Отец побледнел, но ничего не сказал. Этим отделением больницы заведовал я, и я не мог допустить, чтобы пациента выписали сейчас.
— Покамест вы останетесь здесь! — сказал я.
Отец отошел. В эту минуту появился племянник больного.
— Выпиши им чек на двести крон, — сказал старик. — Пожалуйста, господин доктор, передайте этот чек как скромный знак внимания вашему отцу. Нет, скажем, лучше двести пятьдесят.
Я передал бумажку отцу. Я думал, он изорвет этот чек в мелкие клочки и швырнет его богатому жулику. Я начал уже даже надрывать его.
— Что тебе взбрело на ум, дитя? — воскликнул отец и, смеясь, взял у меня чек. — Не станем же мы дарить негодяю эти деньги!
— Ты не можешь их взять себе. Это противно правилам больницы.

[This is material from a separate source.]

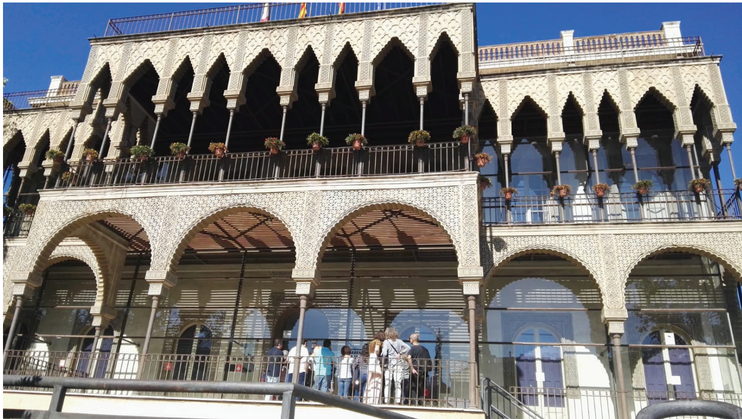
Casa de las Alturas. Visitantes. Open House Barcelona 2019.

— Ты прав, — сказал отец, — но недавно мне попался на глаза подписной лист, какая-то благотворительная затея, кажется, рождественские подарки здесь, в больнице. Я полагаю, что лист еще где-нибудь да гуляет. Как тебе кажется, не будет ли самым практичным подписаться на двести пятьдесят крон и уплатить их вот этим чеком? Тогда никто не сможет бросить в меня камень. Будто еще недостаточно жертвуешь собой для этой неблагодарной банды! В сущности, этот румынский торговец свиньями мне импонирует. Только так и можно сколотить капитал. Собственность — это борьба. Этому ты должен еще научиться, сын мой! — И он заботливо расправил измятый и надорванный на уголке чек. Я вернулся к больным и продолжал исполнять свои обязанности.

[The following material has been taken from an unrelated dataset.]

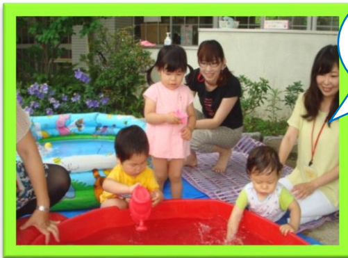
水あそび 楽しいな~

В последнее время я заметил, что молоденькая женщина-врач не так дружелюбна и откровенна со мной, как бывало. Она избегала меня, ограничиваясь самыми необходимыми деловыми разговорами. Продолжать эксперименты с измерением внутриглазного давления она тоже не захотела. Модели нашего аппарата исчезли, и она буркнула что-то об университетском механике, который случайно унес их с собой. «В сущности, они ведь принадлежат ему?» В этом я не был уверен. Я был к ней привязан, как к товарищу, не более, но ведь и это значило много. Кроме отца, у меня не было никого близкого. Что я мог поделать? Приходилось терпеть. Разум подсказывал мне, что не надо выпытывать у нее, почему она так изменилась.

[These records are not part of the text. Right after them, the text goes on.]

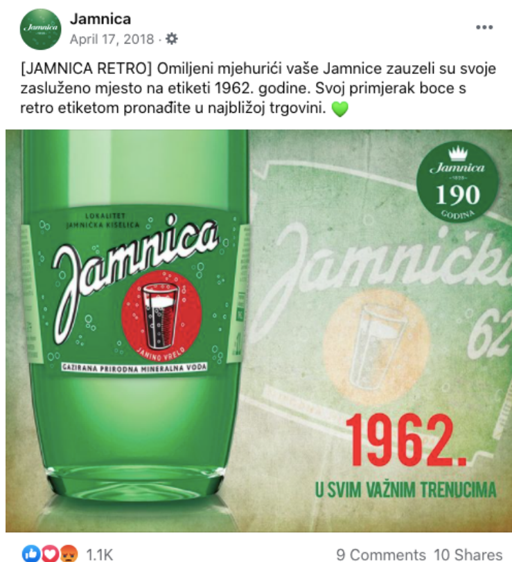
Slika 18. Objava retro etikete iz 1962. godine
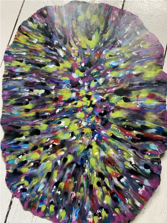
Taille de cet aperçu : 450 × 600 pixels. Fichier d'origine (3 024 × 4 032 pixels, taille du fichier : 3,05 Mio, type MIME : image/jpeg) Enclave_Plaque_1_Recto
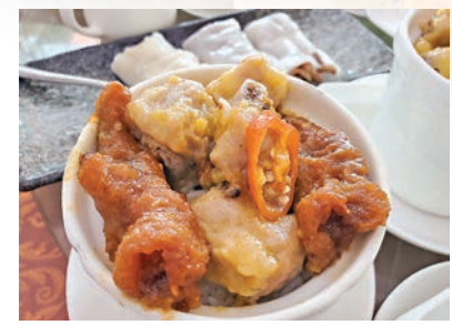
■熱辣辣的蒸飯，令人一再回味

Перед Новым годом я совершенно случайно узнал причину этого. Мне попалось в конторе несколько экземпляров медицинского журнала. Один из них я взял. Здесь за подписью отца и моей коллеги была напечатана работа: «О новых методах измерения давления в здоровом и в больном глазу». Это была моя маленькая идея, которую они разработали и опубликовали, ни словом не обмолвившись мне. Я всегда думал, что лишен научного тщеславия. Студентом я очень легко примирился с тем, что железа Каротис, впервые обнаруженная мной, была выдана за открытие других, правда, очень заслуженных ученых. А кроме того, я знал, что отец и до меня занимался внутриглазным давлением, — к сожалению, безуспешно. Я пошел к отцу и молча положил перед ним журнал.
— Хорошо, знаю, — сказал отец, — но сейчас мне предстоит операция, мы поговорим об этом после, дома.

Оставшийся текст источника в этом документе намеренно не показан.